= Itik-itik =

Filipino folk dance

Itik-itik is a mimetic folk dance in the Philippines based on the movement of ducks. It originated in Cantilan, Surigao del Sur and was later documented by National Artist for Dance Francisca Reyes-Aquino.

Originating from a dance called Sibay and performed to the tune Dejado, folklore says in a barrio of Cantilan during a baptismal party, an expert young danseuse named Kanang was so carried away by the music. She then began to improvise short, choppy steps similar to ducks and how they splash water on their backs. The dance immediately became popular in the province for stage performances and social dancing.

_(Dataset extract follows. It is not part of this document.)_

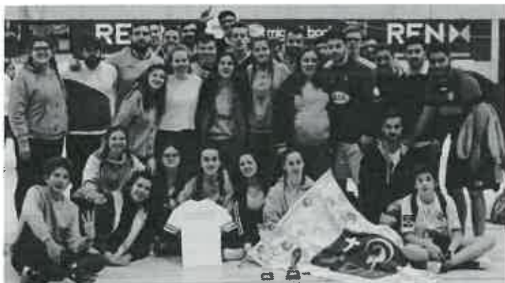
Os Jovens Unidos de Belinho, (JUB) sagraram-se, no passado fim

de semana dia 25 de fevereiro, tricampeões no torneio masculino de futsal JOEMCA (Jovens Em Caminhada). Esta é já a sexta vez que a equipa masculina arrecada o título contando apenas com oito participações. O prémio de melhor marcador masculino veio também na mesma bagagem desta equipa. De evidenciar ainda a excelente prestação da equipa feminina que trouxe para Belinho um humilde e cheio de valor 4º lugar.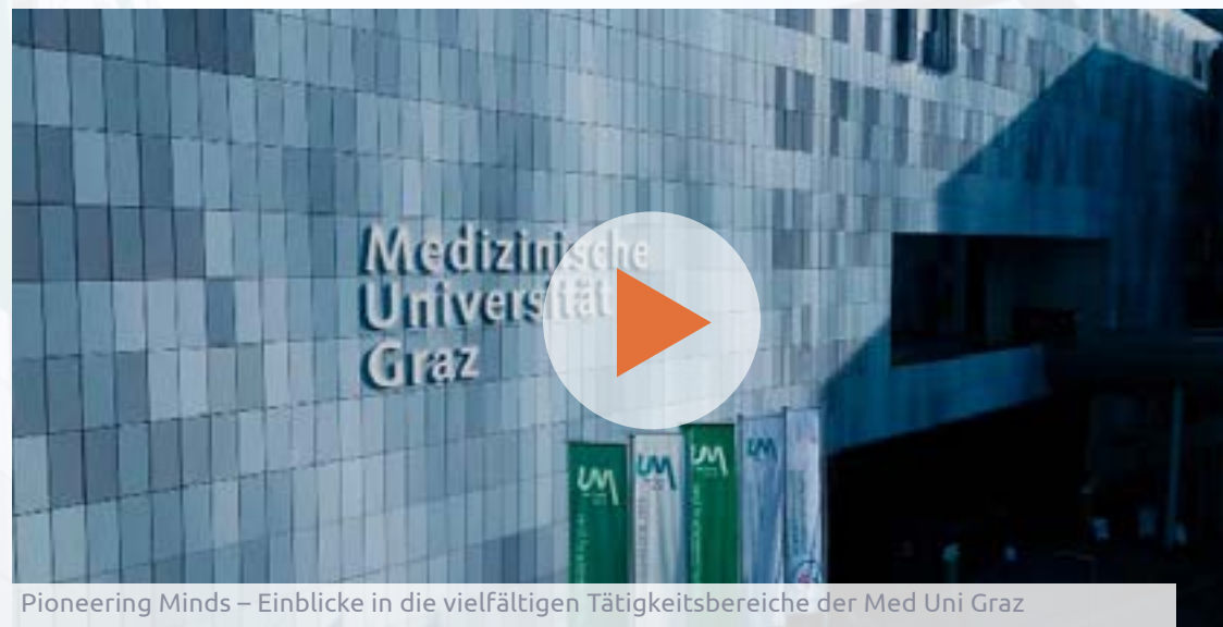
Pioneering Minds – Einblicke in die vielfältigen Tätigkeitsbereiche der Med Uni Graz

Fellow Cantilan native Antonino Arreza (a grandfather of Prospero Pichay, Jr.) is believed to have later composed the lyrics to accompany the Itik-Itik. Below is the song in the original Cantilangnon dialect:

Itik-itik (original version)

Itik-itik di-in kaw gikan

Itik-itik sa Pandagitan

Itik-itik nag uno didto

Itik-itik nagpupasiyo

Itik-itik unoy taghinang

Itik-itik naglangoy-langoy

Itik-itik unoy tagkitac

Itik-itik suban-ong isda

Itik-itik hain kaw singod

Itik-itik ay magpahuway

Itik-itik unoy hingtungdan

Luja na an ak' kalawasan

Other popular dances known to have originated in Cantilan and the wider Surigao provinces are Sumyajaw (“Monkey dance”), Manujo-Panujo (a Manobo courtship dance), and Sirong (a war dance).